F:​ The game is just super fun, I wouldn’t be playing it for this long if I didn’t think it was incredibly fun. I’m gonna be playing it forever. Smash will go on — the ‘boes never die. The game might end but the ‘boes will live on. There’s one thing I don’t like about this game. I think DI [Directional Influence] — I like it as a concept, but it’s horribly implemented. If I could change stuff about this game, that would be number one. It should be, you have a standard amount of DI, maybe you can just hold it, you don’t have to mash. I don’t like mashing as a skill, don’t think that’s a good skill to learn. Having said that, so many people just don’t DI in the right way. When you’re in a combo, you have to know, every combo, every move, which way you’re DI-ing. One way to get good, if you’re in a combo, somebody combos you, and they ask you, ‘tell me which way you DI-ed every move of that combo,’ you should have an answer. Even a simple case, like Falcon’s up-air, up-air, up-air, up-B, if you’re near a platform, you try to DI to the platform, if you’re a heavier character, you want to start DI-ing down, but if it looks like they’re keeping up with you then you want to start DI-ing up — especially on their last hit, before they try to do their up-B, you want to DI up as much as possible because then you have a chance of being too high up. In general, DI up is the way. If you want to get good, DI up. That’s my advice. It completely shuts down characters. A character like Ness, if you DI up, he’s half as good. Every combo I got at [Big Apple Smash], I would not have been able to get if the person DI-ed up. So know which way to DI. Unfortunately, you have to be good at DI to be good at this game. And you’re not going to see that from watching a video, you don’t really notice the way they DI. It’s an important part of the game that you need to actually be playing to figure that out.

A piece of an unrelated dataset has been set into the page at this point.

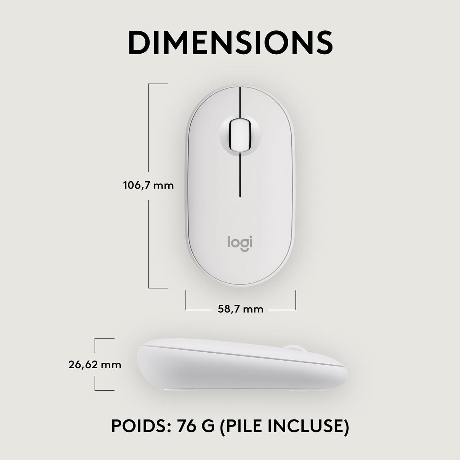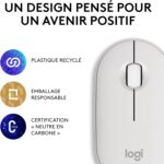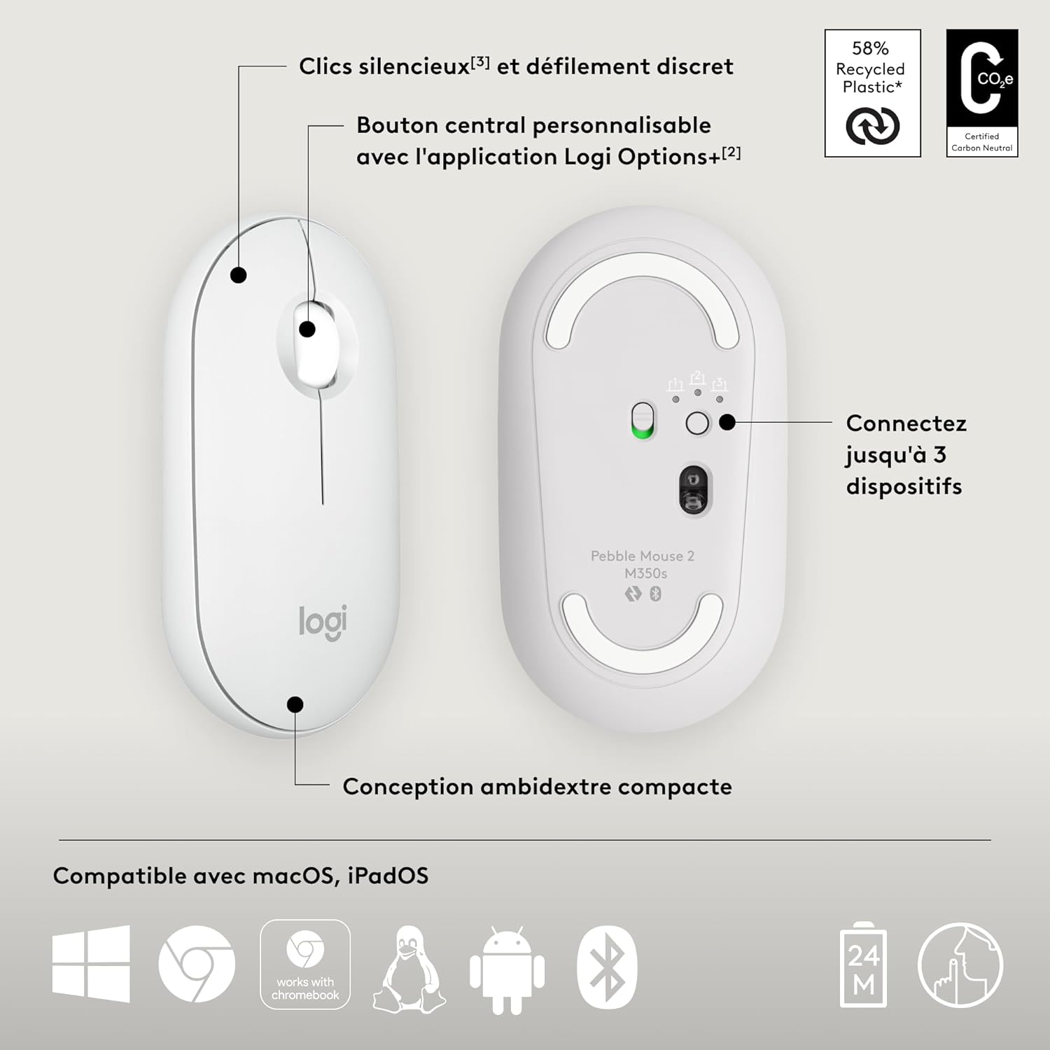 La Logitech Pebble 2 M350s est une souris moderne et silencieuse conçue pour s’adapter à votre style de vie nomade. Avec sa forme organique lisse, elle tient facilement dans votre poche ou votre sac, offrant une prise en main confortable où que vous soyez. Grâce à ses clics et son défilement silencieux, vous pouvez travailler en toute discrétion, sans perturber votre entourage.Dotée de trois boutons silencieux et de la technologie Silent Touch, cette souris offre le même confort de clic que vous appréciez, mais avec beaucoup moins de bruit. Vous pouvez la connecter via Bluetooth ou avec un récepteur USB Logitech (non fourni), offrant une portée de 10 mètres pour une utilisation pratique avec votre ordinateur.

I also highly encourage people to try new characters, I find it so much more fun when you play other characters besides the top guys. And you can win by playing anybody. You might not be the best in the world but you can make Top 8s, you can make a name for yourself. You could either say, ‘I’m a really good Pikachu player,’ or ‘I’m the best Samus player.’ To me, that’s much cooler, you get known for it. There’s, like, three competitive Ness players in the world that actually main Ness, and you wonder why. I think a lot of people could play really well with Ness or these other [low-tier] characters. And these new players, they don’t know how to play against characters that aren’t at the top, so you pull out a Ness and you can just tell they don’t know the matchup at all, which really works to your advantage, especially with all these new players coming in. I don’t think I’ve gotten much better than when I played in 2010, 2011, but I think the new players coming in just aren’t used to [low-tiers]. A lot of these players that play online, like Lowww Power, we’ll play and it’ll be super close, or he’ll win. I’ve started playing Link against him and he’s like, ‘okay, I play against Link all the time.’ Experiment with new characters, do some sick ‘boes, that’s what the game’s all about.